Mother gets 21 days jail suspended for son not attending school
By Brendan Grehan
A TALLAGHT woman whose son (13) has not been attending school received a 21-day suspended sentence in Tallaght District Court.
Judge Patricia McNamara ordered that the sentence run consecutively after the sentence the woman is currently serving.
The court heard that the boy had missed 98 per cent of school days.
The woman, aged 31, who has an address in Tallaght, pleaded guilty to failing to ensure her son’s attendance at a secondary school in Tallaght on December 11, 2017 and dates subsequently.
An Educational Welfare Officer from Tusla told the court that the case had been referred to her on March 30, 2016, when the boy was in primary school as he was refusing to go to school.
She said he was given an individual education plan and given support by a special needs assistant, but his attendance did not improve.

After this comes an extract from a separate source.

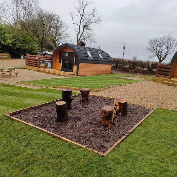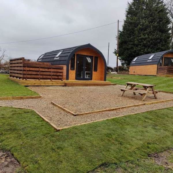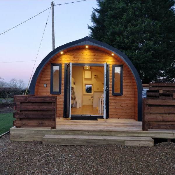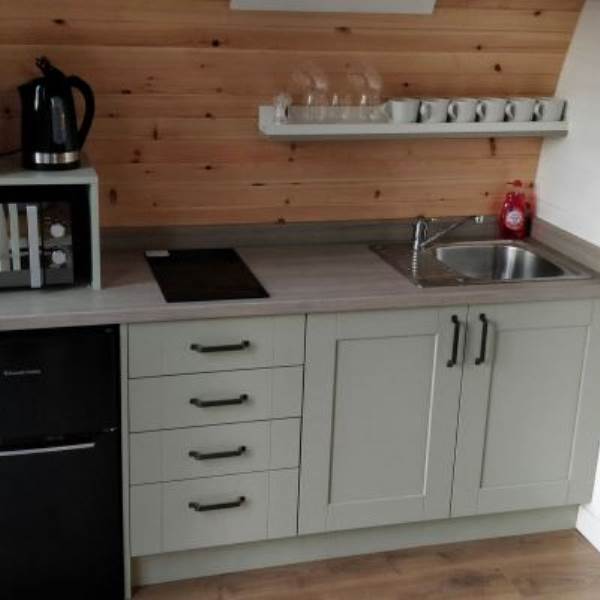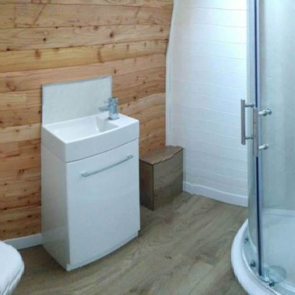 Inside each pod you will find a dining area with table and chairs/benches and a kitchen area equipped with sink, fridge, freezer, kettle, toaster and 2 zone hob. Pots, pans, cutlery and plates are all provided. There is an en-suite with shower, sink and toilet.

The EWO said the boy has an undiagnosed emotional behavioural difficulty and to receive treatment he would have to be referred by his GP to the Lucena Clinic.
She said the Lucena Clinic had a waiting list of 10 months.

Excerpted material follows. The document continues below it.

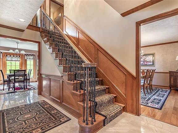 Updates galore with beautiful interior finishes, majestically situated on 0.70 acres in the Crossings of Peter's Twp. Covered porch and mature perennial landscape with sweeping drive leads up to the coveted attached garage. Built by Eddy Homes where quality abounds. Porcelain entry and kitchen floor. Detailed moldings including crown, chair and wainscoting throughout 1st floor. Living room converted to stunning office with double glass doors. Formal dining room offers hardwood floors. Saloon doors for ease in entertaining to the striking eat in kitchen with newly refinished cabinets, granite, updated fixtures and bar area. Access to the rear yard and patio from kitchen. Mudroom/laundry with man door to outside. Spacious family room with plush carpeting, wood burning fireplace and built-ins. Owner suite offers hardwood floors, updated ceramic bath, heated floors and skylight. 3 additional bedrooms plus bonus room with great storage. Newer Pella Windows and 6 panel wood doors throughout.

The EWO said she wrote four letters and spoke to his grandmother eight times.
She said that after she issued the school attendance notice, she wrote five letters to the mother, made four home visits and arranged three meetings with the mother, two of which she attended.
She said that between the issuing of the school attendance notice and the issuing of the summons, the boy had missed 120 out of 122 school days, an absentee rate of 98 per cent.

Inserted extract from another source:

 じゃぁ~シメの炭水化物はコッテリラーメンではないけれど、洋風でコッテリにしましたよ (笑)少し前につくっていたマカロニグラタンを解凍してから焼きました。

She said that the boy had been suspended on 27 of those days.
The court heard that the woman is currently in custody.
Her counsel, Stephen Montgomery Bl, said his client married young and had to raise her four children on her own.
He said the boy is extremely aggressive towards his mother.
Judge McNamara sentenced the woman to 21 days jail, suspended for 18 months and ordered that it run consecutively from the termination of her current sentence.